Here, we have demonstrated a simple scalable approach
of coating RO/ NF membrane with bioinspired adhesive
polymer polydopamine and copper oxide nanoparticles,
which decomposed H₂O₂ (0.006% - 0.024%) to oxygen bubbles
and thereby, swept foulants away from the surface and
at the same time reduced concentration polarization by enhancing mass transfer
co-efficient. The polydopamine layer embedded the
nanoparticles and acted as the reactive catalytic surface. Additionally, polydopamine layer helped to protect the underlying
polyamide layer from hydroxyl radicals by acting as free radical scavenger.

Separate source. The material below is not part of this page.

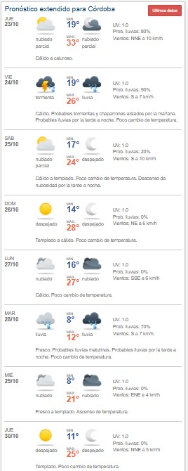 En este contexto, la Perspectiva Agroclimática Semanal que se extiende del 23 al 29 de octubre, el tiempo en Córdoba se caracterizaría por las siguientes condiciones: temperaturas elevadas primero, ambiente caluroso con precipitaciones de variada intensidad, principalmente durante la jornada de mañana viernes, algunas abundantes; y luego un marcado descenso térmico para los primeros días de la semana entrante.
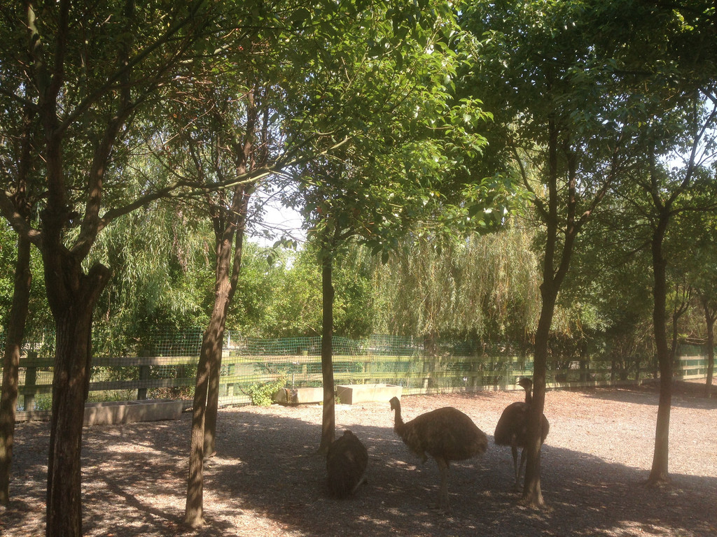 动物观赏区里动物跟动物园当然不能比,但也不算很少。比较受欢迎的就是鸵鸟和鸸鹋,这两种大型的鸟类都不会飞,栏杆内就是它们的活动范围。其他像梅花鹿、波尔山羊、利木赞牛、兔子、火鸡、珍珠鸡、蓝孔雀等,也是颇受小朋友们喜欢的。

Such composite membrane eliminated flux decline with colloidal foulants in repeated runs and even increased the flux level
beyond the baseline value with organic humic acid foulants. Enhanced catalytic activity of humic acids in presence of H₂O₂ and
reduction of concentration polarization were found to be responsible for such
flux enhancements. Embedded copper oxide nanoparticles also retarded E. Coli attachment to the membrane
surface in stirred cell experiments. On the other hand, such composite membrane
was found to eliminate concentration polarization upon H₂O₂
addition by bubble induced mixing. Therefore, such scalable facile approach
holds promise to mitigate fouling in industrial membrane systems, reduce
concentration polarization and thereby, saving considerable energy.